*** Opening of Given material ***
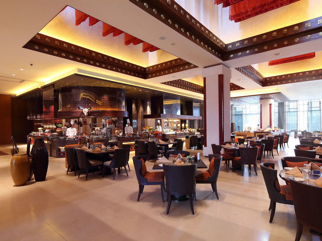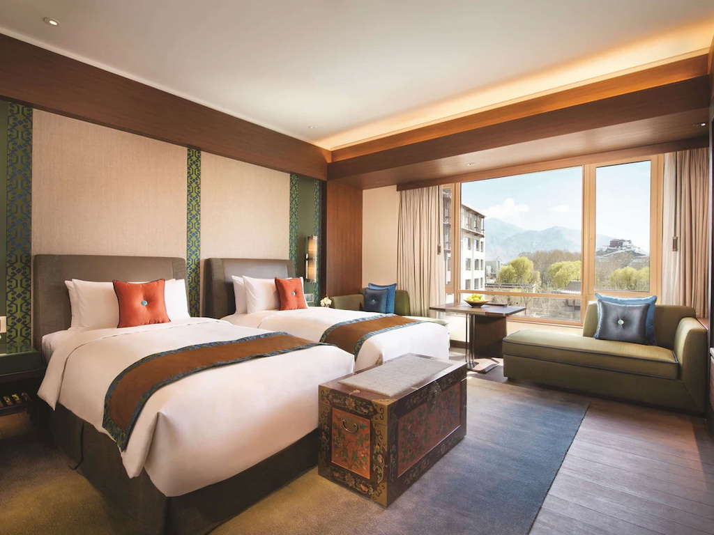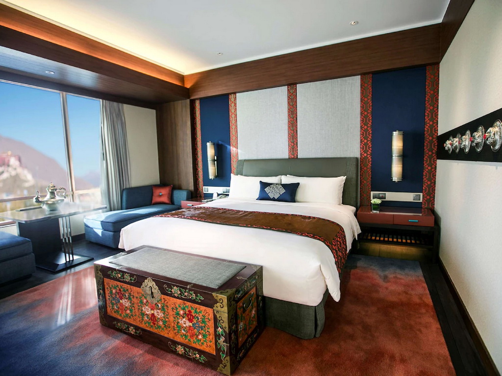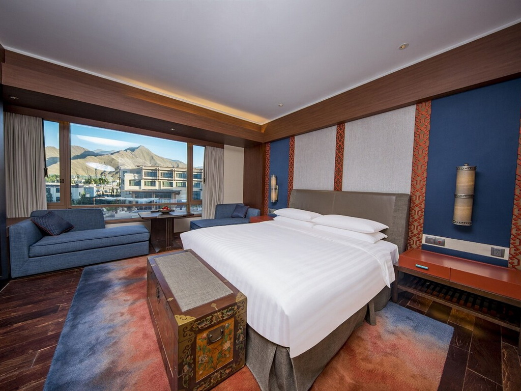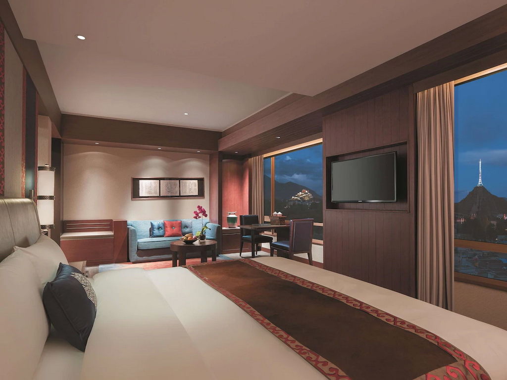 Decorated in Tibetan style, all 262 rooms and 17 suites offer mountain views. Each room features a 40-inch LCD TV, Wifi, an in-room safe, and a mini-bar.
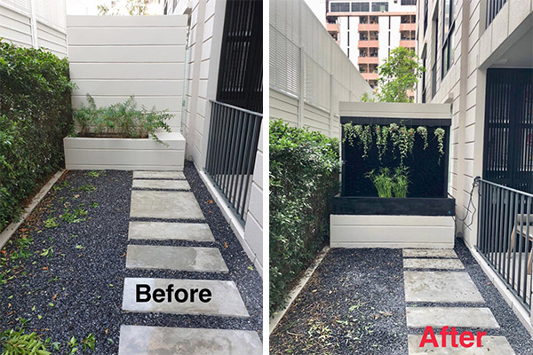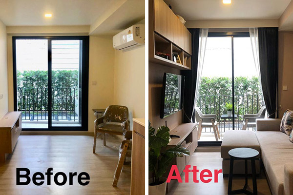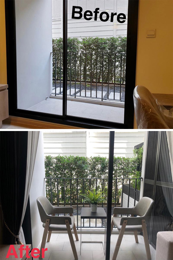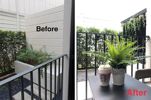 ตกแต่งคอนโด 1 ห้องนอน ชั้นล่างสุด พร้อมตกแต่งระเบียง และสวนหลังบ้าน
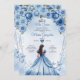 Mis Quince Blue Floral Silver Crown Quinceañera Invitation
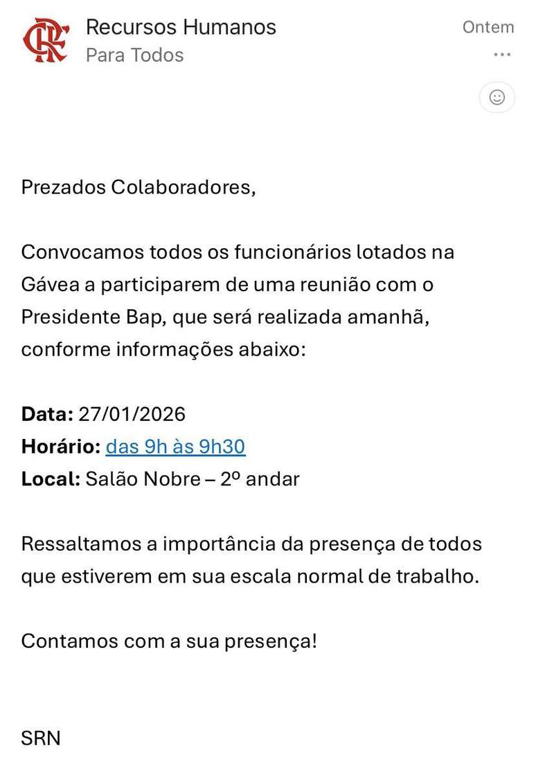 O clima de expectativa tomou conta da Gávea nesta terça-feira, 27 de janeiro de 2026. Segundo apuração do jornalista Venê Casagrande, o presidente do Flamengo, Bap, interrompeu a rotina do clube e convocou uma reunião com todos os colaboradores, do setor de limpeza à diretoria executiva.
*** Close of Given material ***
- **What is needed**
The data shown above must be printed again exactly, with no images included.

- **Result of this task**
 Decorated in Tibetan style, all 262 rooms and 17 suites offer mountain views. Each room features a 40-inch LCD TV, Wifi, an in-room safe, and a mini-bar.
 ตกแต่งคอนโด 1 ห้องนอน ชั้นล่างสุด พร้อมตกแต่งระเบียง และสวนหลังบ้าน
 Mis Quince Blue Floral Silver Crown Quinceañera Invitation
 O clima de expectativa tomou conta da Gávea nesta terça-feira, 27 de janeiro de 2026. Segundo apuração do jornalista Venê Casagrande, o presidente do Flamengo, Bap, interrompeu a rotina do clube e convocou uma reunião com todos os colaboradores, do setor de limpeza à diretoria executiva.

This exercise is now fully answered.